One of the benefits of working with those in my region (currently Kansas City) is the opportunity to meet clients face to face in the beginning of the process. As I establish regional business roots, more and more of this local work is trickling in, and I have the chance to put a face to an e-mail address before work on the project begins.
The benefits of meeting clients in person are subtle, but qualitative. First and foremost, most people like to know who they’re working with. A lunch meeting, or a visit to their office, allows me to chitchat some small talk, ask more questions about their business (not to mention see their business), and really get a gut feel for the client before signing any contract.
More than once, when having these personal interactions, the client has commented that it is nice to conduct business in person — that too many web designers want to do everything remotely — and that they really appreciate my willingness to drive across the city. It’s an older approach toward business, and I am finding that many, many people still value that. (On at least one occasion, it was the face-to-face meeting that ended up being the competitive edge in winning a large project.)
What I like most, however, is the impromptu spirit of collaboration that often pops up.
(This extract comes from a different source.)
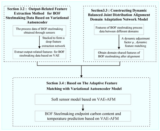 In Section 3.2 and Section 3.3, we introduced the use of the variational autoencoder model for extracting features from BOF steelmaking data, and the dynamic balanced joint distribution alignment domain adaptation network model for reducing differences between various BOF datasets. Based on the previous analysis, this section constructs an adaptive feature matching variational autoencoder model (VAE-AFM). As shown in Figure 4, the model is generally divided into four stages: domain partitioning, feature extraction, domain adaptation, and endpoint carbon content and temperature prediction. This model is designed to process data from the BOF steelmaking production process, particularly addressing the issue of concept drift.

Clients love to describe their vision — their logo and brand colors, what they want new visitors to see first, special super-secret download areas, 15-minute intro animations — and I have the opportunity to scribble sheets of notes as they talk. If I can just get them to elucidate for 30 minutes or more, the site is already half-designed in my head before I get in the car.
I’m finding that e-mail is not a very reliable medium for translating visual ideas. Or perhaps more accurately, it’s not very efficient. It takes rapid back-and-forth conversation with lots of questions, and (surprisingly often) a drawing of an architecture diagram on a napkin, before I am confident the client and I are on the same page about the scope, direction, and timeline of the site.
I suppose agencies and other successful businesses have long known the value of face-to-face interactions. It’s probably why I have printers visiting my company’s building unsolicited every week. It brings business to a more personal level. Makes it feel more real, more visceral. Signing a contract with both a pen and a handshake beats trading faxes any day.
If at all possible, I recommend meeting with clients face to face, at least once, in the beginning of the project. It’s made a real difference in my business, especially as deals and the scope of projects get larger.